TBH when I started reading the post, my first thought was that you were going to suggest that she became Thomson to hide from Webb…ie that the name change was part of moving to Adelaide and becoming a new identity. Did anyone ever find record of her Nursing Qual – I remember some chat about it, but thought people only found the other Harkness from SA’s West.
I keep wondering whether this is just an overlap of multiple unrelated but shonky in their own way stories. Jessica and her name changes; Prosper and his bodgey cars; and the itinerant Webb (we can throw Boxall into that mix for goof measure). Obviously Prosper and Jessica’s stories are intertwined through their relationship, but suppose Webb is relatively unknown to them….
– Jessica (and Prosper) are up to some shonkies.
– Webb wants a limo, and jots down Prsoper’s number from the papers
– Police come a’knocking and Jessica is trying to hide _their_ shonky dealings (no concern for Webb or his story – in fact limited knowledge of him)
– Seeing the plaster cast freaks her out because she knows he was a customer of Prosper’s (and perhaps suspects he was involved somehow). She went there expecting just to see Joe Plebian, but instead recognises the bust – which really catches her off-guard
All the other stuff (rumours her daughter started about ‘higher authority’) might just be more recent embellishment and the apparent need for us to extrapolate a story.
Possibly seeing he was a customer of Prosper’s may have given Jessie the jitters, she may have thought someone else was in Adelaide and, ready to bump off Prosper? Someone else who Prosper had dealings with and, not the kind of individual to argue with?

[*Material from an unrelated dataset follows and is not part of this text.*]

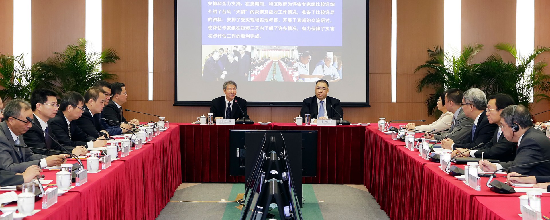 在聽取初步匯報後,行政長官感謝國家減災委員會專家團隊在短短幾天時間內不辭勞苦,聽取部門報告和實地考察,並且高效、專業地總結了初步報告。他認為,報告既有對特區政府工作的肯定,也對部分工作提出了改善的意見及建議,內容充實且具有指導性,值得特區政府各部門認真學習、積極落實和加以改善。政府會從全域出發,以整個特區的利益為依歸,盡力回應社會對特區政府的要求。

What boils my water is detective Brown’s decision not to follow up the second phone number written on the back cover, a business number. There’s something on the nose there …
How would have Brownie checked out the phone numbers to identify the subscribers back in ‘49? Police getting access to this information by contacting the operator or phone system provider? Was PMG around back then?? There MUST have been notes taken about this checking, jotted down in the normal way, U-hmm, on files that have since been lost… I can’t believe that the address and subscriber of the famed number x3239 were only verbally passed to Det Carney for follow up.!!
You could ring the number.
There would have been a central authority for allotting phone numbers and publishing the directory … can’t find out what they were called.
That information is lost forever which sucks as it could have been the key to everything.If I remember rightly Feltus only found x3239 after a million hours trawling through old phone books or was it he had the number but no the name PB?
Whatever the old lad had, he wasn’t able to get his hands on the notes that described how Leane found the name and address of X3239.
This is a VERY interesting point. Feltus went on and on about how difficult it was for him to find out whose number it was but never how they found out. There must have been a name!
In the most basic of approaches… Brownie may have picked up the phone and simply dialled each number and spoke to whom ever picked up!
For sure they rang the number. Why not? Simple stuff. But why did they focus in on her and not her husband who would have seemingly been the more interesting person attached to said number?
Because she opened the door when Canney came a- knocking … pity it wasn’t Prosper.
@misco Because Prosper was out of town when they rang and organised a visit, and they never thought to ask “who else lives here?” (Does anyone else live here?).
Although it’s worth noting that Feltus found the number in her name – so possibly they already knew she was the subscriber.